This week the latest round of UN climate talks are starting in Cancún, Mexico. While the expectations are significantly lower than at last year’s Copenhagen gathering, the meeting will still be taking crucial decisions that affect the world’s poorest people. Discussions will include how to scale up financial support for developing countries, improving transparency and accountability of promises, and the promotion of green technology transfers to enable countries to achieve economic growth in a clean and sustainable way.

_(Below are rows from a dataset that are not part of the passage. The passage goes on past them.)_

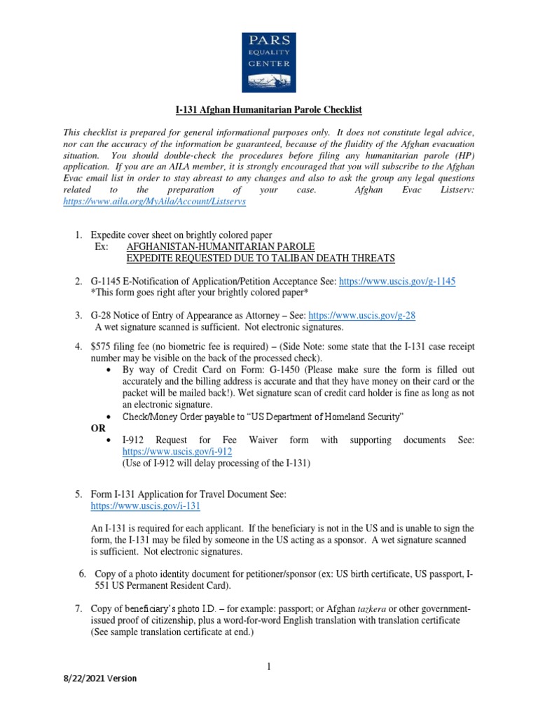 I131 Afghan Humanitarian Parole Checklist PDF Government
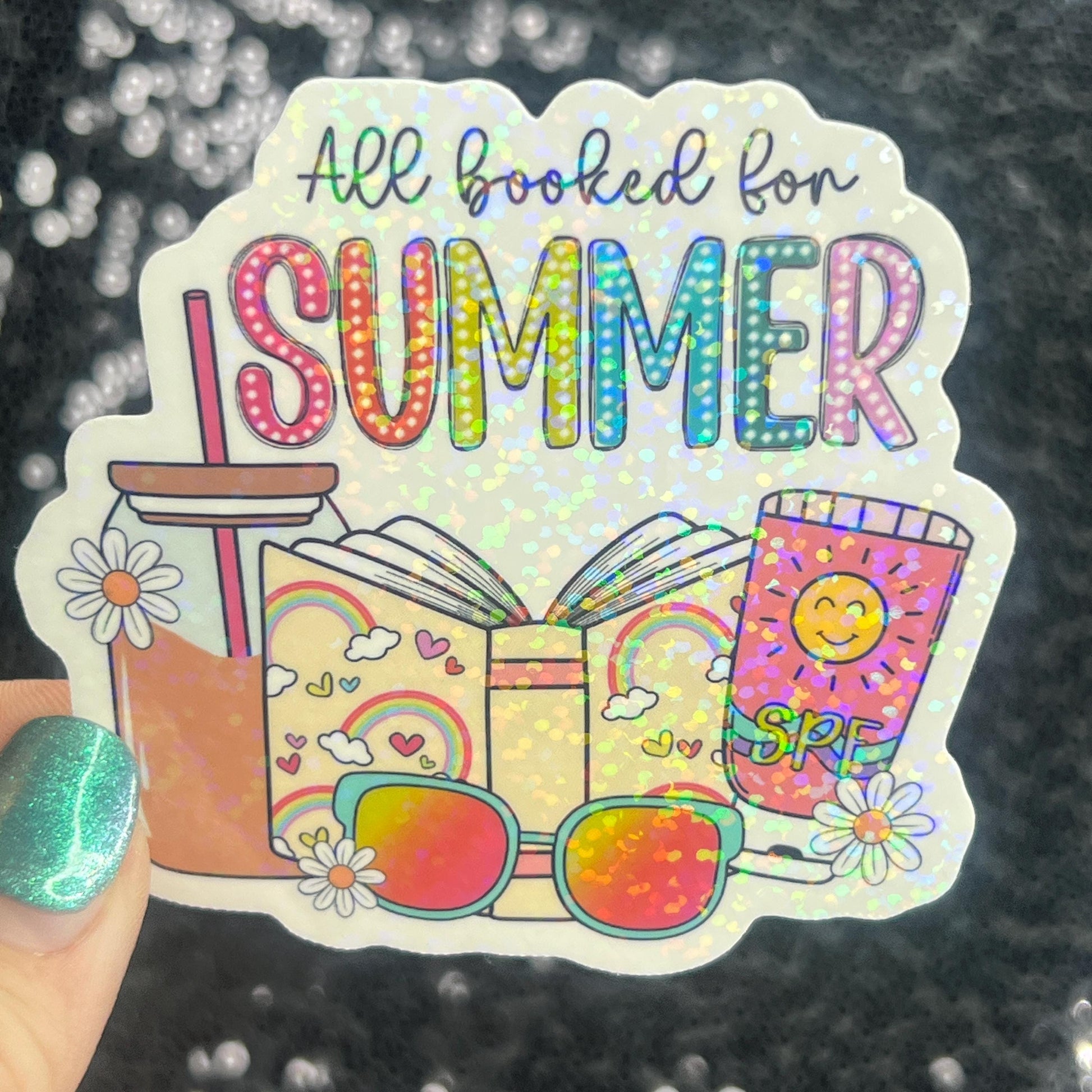 All Booked for Summer Holographic Sparkly Sticker Book Lover, Booktok, kindle waterbottle laptop Romance Decal Beach Reads Vacation Decal
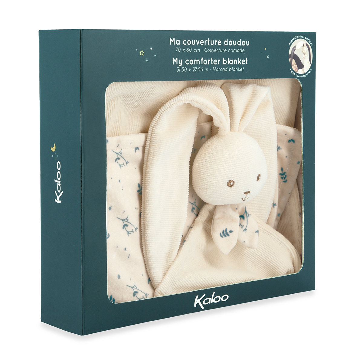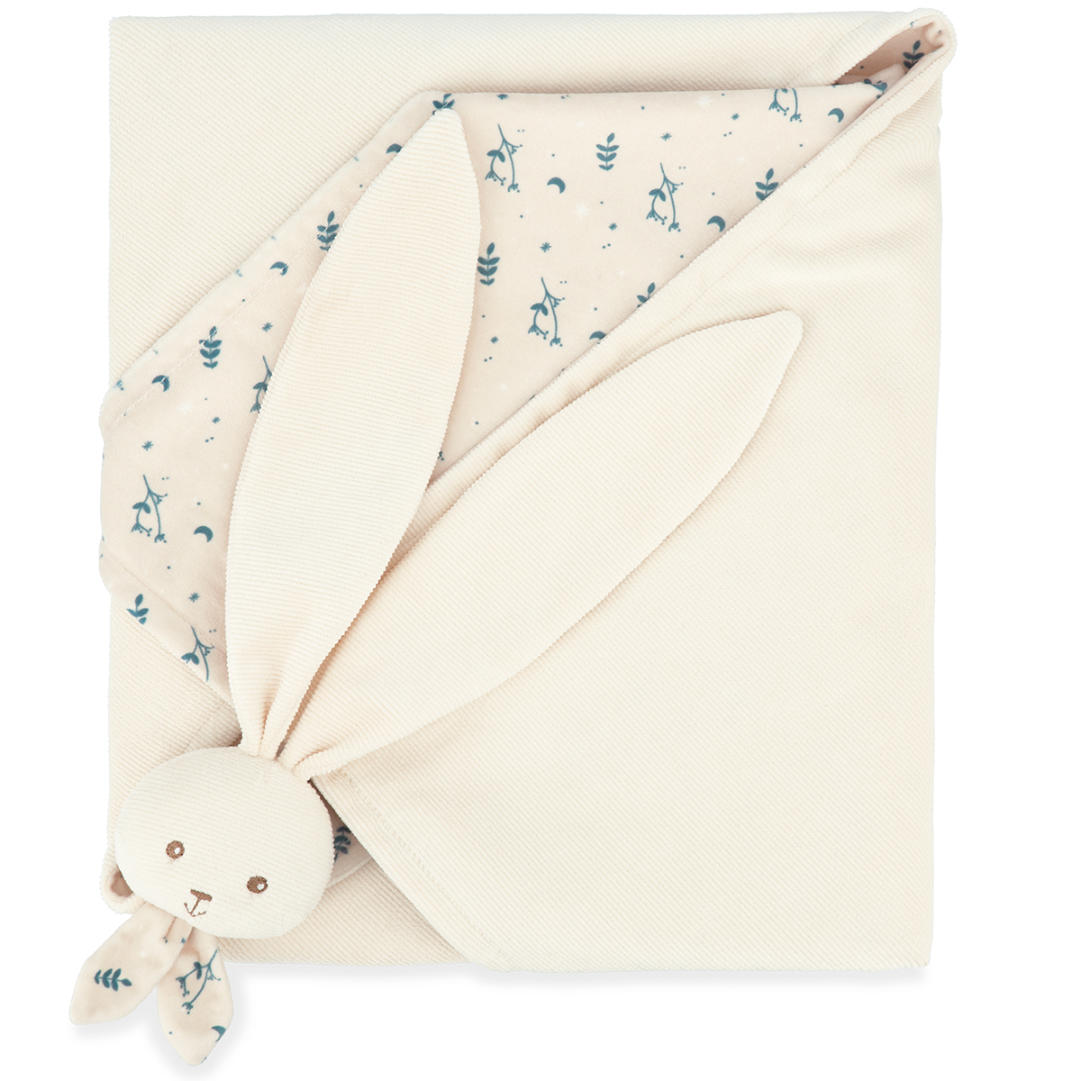 Schenken Sie Baby mit dieser cremefarbenen Kuscheldecke Weichheit und Trost. Sie ist mit einem Hasenkopf mit langen Ohren versehen, damit man sie überall aufhängen kann und nie verliert. Die herrlich weichen Stoffe aus Microvelours und Cordsamt machen diese Decke so kuschelig wie eine Umarmung. Die Motive auf einer Seite verleihen der Kuscheldecke einen raffinierten Touch. Sie besteht zu mindestens 90 % aus recycelten Materialien und recyceltem Füllmaterial, was sie zum idealen Geburtsgeschenk für Ihre Lieben macht. 70 x 80 cm. Bei 30 °C in der Maschine waschbar. Ab Geburt.
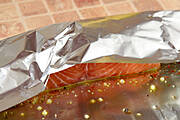 Powodów jest wiele. Po pierwsze ten sposób jest bardzo wygodny - porcje ryby można przygotować wcześniej, opakować w folię i odłożyć do lodówki w oczekiwaniu na moment wstawienia do piekarnika. Później, po upieczeniu z łatwością przełożymy je na talerze gości. Po drugie, dzięki pieczeniu w folii, mięso łososia nie wysuszy się, lecz pozostanie wilgotne, dusząc w sokach wytworzonych podczas obróbki cieplnej. To bardzo smaczna metoda pieczenia ryby, ponieważ bez problemu możemy kontrolować konsystencję i dostosowywać ją do gustów gości. Elastyczność to trzeci i najważniejszy argument przemawiający za wykorzystaniem folii aluminiowej. Duszona czy zrumieniona? Spytaj gości, jaką rybę wolą. Jeśli duszoną, piecz filety do końca szczelnych paczuszkach. Jeśli zrumienioną, pod koniec pieczenia mocno rozchyl folię na boki, pozwalając odparować płynom. Ryba zamknięta w folii długo utrzymuje ciepło, co daje nam czas na przygotowanie pozostałych składników, jeśli jeszcze się z nimi nie uporaliśmy.
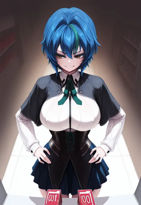 1girl, solo, yellow eyes, blue hair, green streaked hair, multicolored hair, short hair,
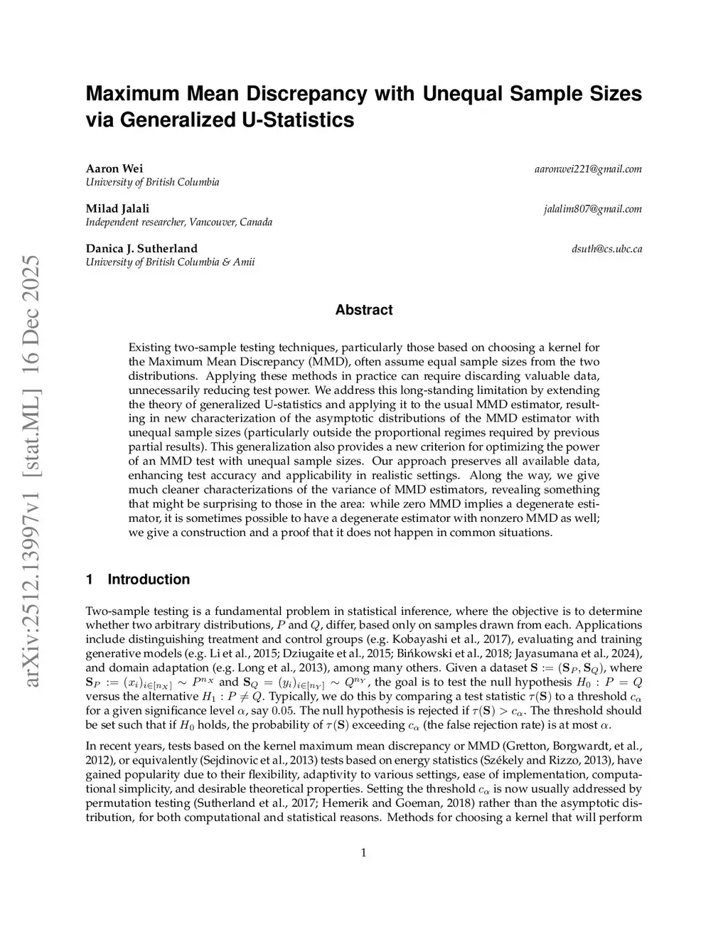 Existing two-sample testing techniques, particularly those based on choosing a kernel for the Maximum Mean Discrepancy (MMD), often assume equal sample sizes from the two distributions. Applying these methods in practice can require discarding valuable data, unnecessarily reducing test power. We address this long-standing limitation by extending the theory of generalized U-statistics and applying it to the usual MMD estimator, resulting in new characterization of the asymptotic distributions of the MMD estimator with unequal sample sizes (particularly outside the proportional regimes required by previous partial results). This generalization also provides a new criterion for optimizing the power of an MMD test with unequal sample sizes. Our approach preserves all available data, enhancing test accuracy and applicability in realistic settings. Along the way, we give much cleaner characterizations of the variance of MMD estimators, revealing something that might be surprising to those in the area: while zero MMD implies a degenerate estimator, it is sometimes possible to have a degenerate estimator with nonzero MMD as well; we give a construction and a proof that it does not happen in common situations.

This video outlines why the Cancún meeting is important, and what ONE wants to see achieved:

You can also take a look at our new policy pitch: Green Economic Growth for Africa. The following is an extract:

Two of the challenges that will define this century are overcoming world poverty and managing climate change. The interplay between the two will be one of the critical factors in progress towards the Millennium Development Goals (MDGs) in Africa. Climate change has the potential to undermine recent gains in reducing extreme poverty, while the cost of reaching the MDGs rises by 40% when climate proofing is taken into account. Our approach to mitigating and adapting to climate change must therefore be ambitious, adequately funded, but also sensitive to Africa’s legitimate desire for economic development. Cancún can be a turning point at which countries signal a shift to more sustainable and equitable economic development and poverty alleviation – and in which the African Lion economies have a central role to play.

Over the next two weeks we’ll be blogging from Cancún on all the key issues as they relate to African development.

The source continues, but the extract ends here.